新たな付加価値を生むための新規システムにお金が回っていないのだ。これではいくら人工知能(AI)導入やビッグデータ活用の旗を振っても、かけ声倒れになる。
デジタル化で日本を上回る勢いがある中国の新興企業はいきなり低コストで最新システムを導入した。デジタル化はビジネスのやり方を非連続的に変え、ITで事業を素早く変えるものが勝者になる。
ところが日本の現実は、まず古いメインフレームクラウドに切り替えるといった作業が必要になる。多くの経営者は巨額の投資や旧システムの除却費用にたじろぎ、刷新を見送ってきた。
メガバンクのような、合併に伴う巨大システムの統合がいかにリスクとコストを伴うか。7月にようやく移行が終了したみずほフィナンシャルグループの例から明らかだ。
IT人材が情報システム会社に集中する問題もある。どうシステム化するか決める要件定義などができる人材がユーザー企業に足りない。
日米を比べると偏在は明らかだ。

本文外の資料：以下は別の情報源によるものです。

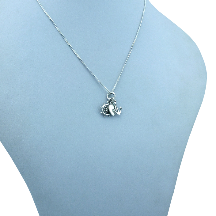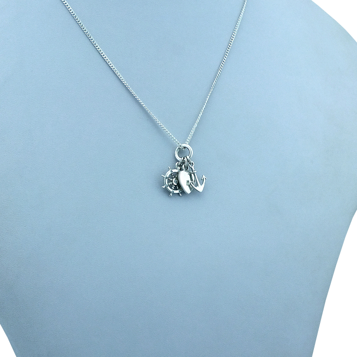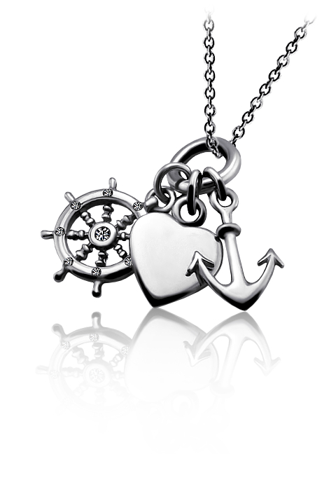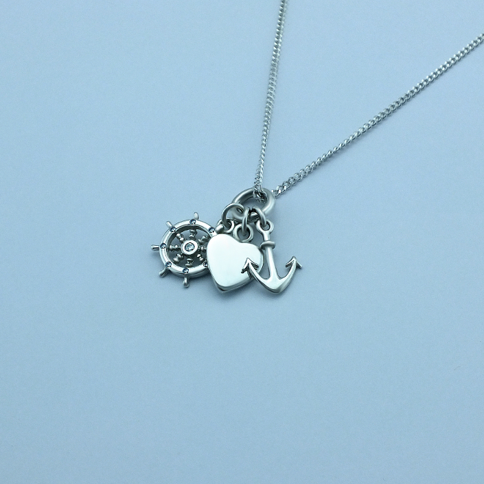 Stříbrný přivěsek zdobený rytým srdíčkem, kormidlem a kotvou. Přívěsek je vyrobený ze stříbra v lesklé povrchové úpravě. Přívěsek se skládá ze srdíčka, symbolizující lásku, kormidla který je symbolem směru, cesty a kotvy která představuje naději. Rytí písmena nebo iniciálu je už v ceně přívěsku. Požadovanou rytinu nám napište do poznámky v objednávce ( třetí krok v košíku ).

日本ではIT人材の7割がIT企業におり、ユーザー企業には3割しかいない。米国ではユーザー企業が65%で、IT企業は35%だ。日本では時に発注の「丸投げ」が起きるが、米国ではITを事業にどう生かすかユーザー目線が徹底されやすい。
複雑に絡み合う問題は経営全体で引き受けるしかない。野村総合研究所の前理事で6月に「IT負債」を著した室脇慶彦氏(情報処理推進機構参与)は、今後は経営者自身が情報システムに関与することが不可欠だと訴える。
最高財務責任者CFO)には最高経営責任者(CEO)をけん制する機能があるが、最高情報責任者(CIO)はどうだろうか」。システム部門が期限と予算を必死で守っても所詮は「部分最適」だ。「システムは組織の鏡。すべてのビジネスはITなしに成り立たない。だから経営者自身がITを使いこなせないといけない」と話す。
東洋大坂村健情報連携学部長は、小惑星探査機「はやぶさ」の制御にも使われるTRONを1980年代から主導し、日本のデジタル化をみつめてきた。やはり、弱点は「部分最適」志向だという。
「仲間内のコミュニケーションがあうんの呼吸でできるから、日本には優秀な現場が生まれた。だがインターネットの普及でコミュニケーションコストは劇的に減った。社内の他部門や社外、海外との連携という全体最適の時代なのに、いまだに部分最適が幅をきかせている」と話す。
変化はある。情報システム会社のTISは、住宅金融支援機構から基幹システムの刷新を受注。COBOLJavaにリライトして、18年に新システムに移行させた。この実績が功を奏し同様の開発案件が次々と舞い込む。
桑野徹社長は「金融系より産業系の企業の動きが素早い。グローバル競争があり、物を売ることからサービスを売ることへの変革に迫られているからだ」と話す。
ただ、望む時期にシステムを刷新できる会社はそう多くないだろう。情報システム会社の人員や体力にも限りがあり、業界では「今からだと3年待ち」との指摘もある。
室脇氏や坂村氏が電子立国のモデルとみる東欧のエストニア。人口は日本の100分の1の小国だが、世界の先端をゆく。個人データは氏名や住所、医療記録などを分別管理し、使われ方も住民自らチェックできる。カード1枚で公的手続きや医療などほとんどのサービスを受けられる。
電子立国は80年代の日本の代名詞ではなかったか。COBOLに罪はない。これから前面に出るべきは経営者であり、牛歩のような電子化を進めてきた政府ではないか。